Como que desperta do transe, finalmente suas mãos tocaram o corpo dele, suas unhas bem cuidadas arranhando a pele de suas pernas, apalpando sem pudor o sexo dele, deslizando a palma da mão pela barriga e passando os dedos por dentro da sunga, acariciando sua glande com a palma da mão e ouvindo seu gemido de prazer ao seu toque. Ele retribuiu tirando seu biquíni e tocando o sexo dela. Ele gemeu e sua respiração ficou mais ofegante quando percebeu a que ponto sua excitação havia chegado. Molhou seus dedos dentro dela e provou seu gosto.

-"Você ficou mais gostosa ainda... Preciso sentir esse gosto na minha língua inteira..."
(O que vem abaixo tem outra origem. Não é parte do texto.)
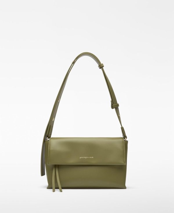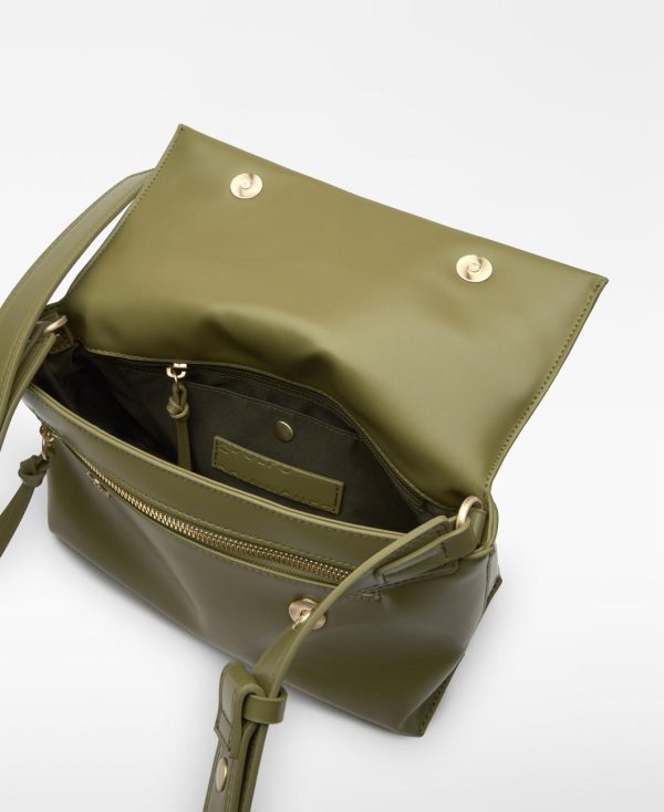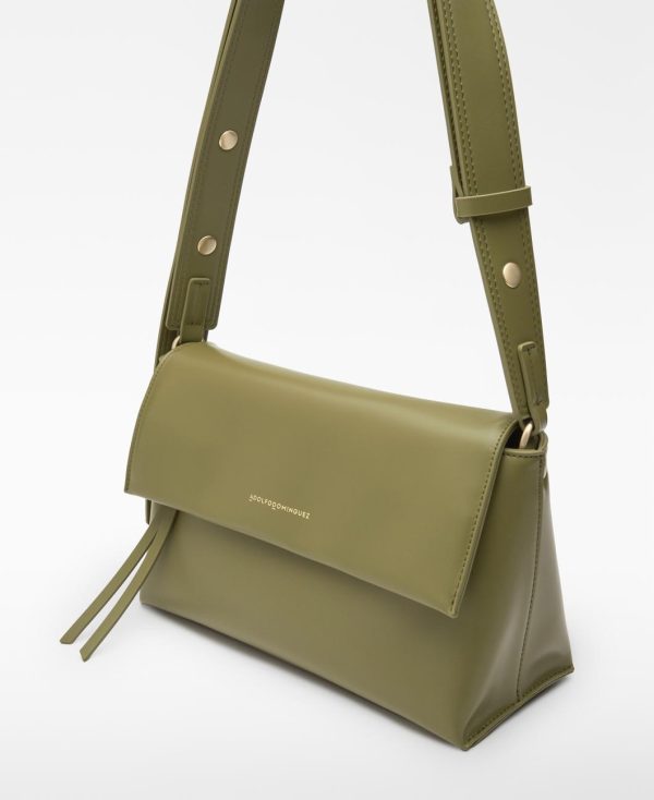 Bolso de hombro Piel No Piel mujer. Textura lisa. Un compartimento. Cierre magnético con solapa. Bolsillo exterior con cierre cremallera. Asa regulable. Logo grabado.

E ela não protestou quando ele levantou seu corpo até a borda da piscina, deixando o sexo dela na altura da sua boca. Ele era um especialista em sexo oral naquela época em que se conheceram, e ela não podia mais esperar para sentir seus lábios e sua língua dentro dela, lambendo, mordiscando, comendo... Ele parecia ouvir seus pensamentos, e a chupava com tanta perícia que ela gozou quase instantaneamente.

Os olhos dele procuraram os dela, fixando-se neles. Sem dizer palavra, sustentou seu corpo pelos quadris, e a deslizou, as pernas abertas, para a penetração vigorosa, o seu pênis tão duro que ela sentia sua pulsação dentro dela. Não demorou muito ele também gozou, num jorro veloz, o pênis encostado em sua barriga, espalhando sêmen por sobre seu abdome.

Ainda ficaram ali, imóveis, curtindo o momento, mal respirando. A ela parecia que aquilo viera bem a calhar - e não havia a menor necessidade de conversarem sobre o tinha acontecido. Ele quebrou o silêncio levantando-se, enrolando o corpo numa toalha e pegando um roupão para ela.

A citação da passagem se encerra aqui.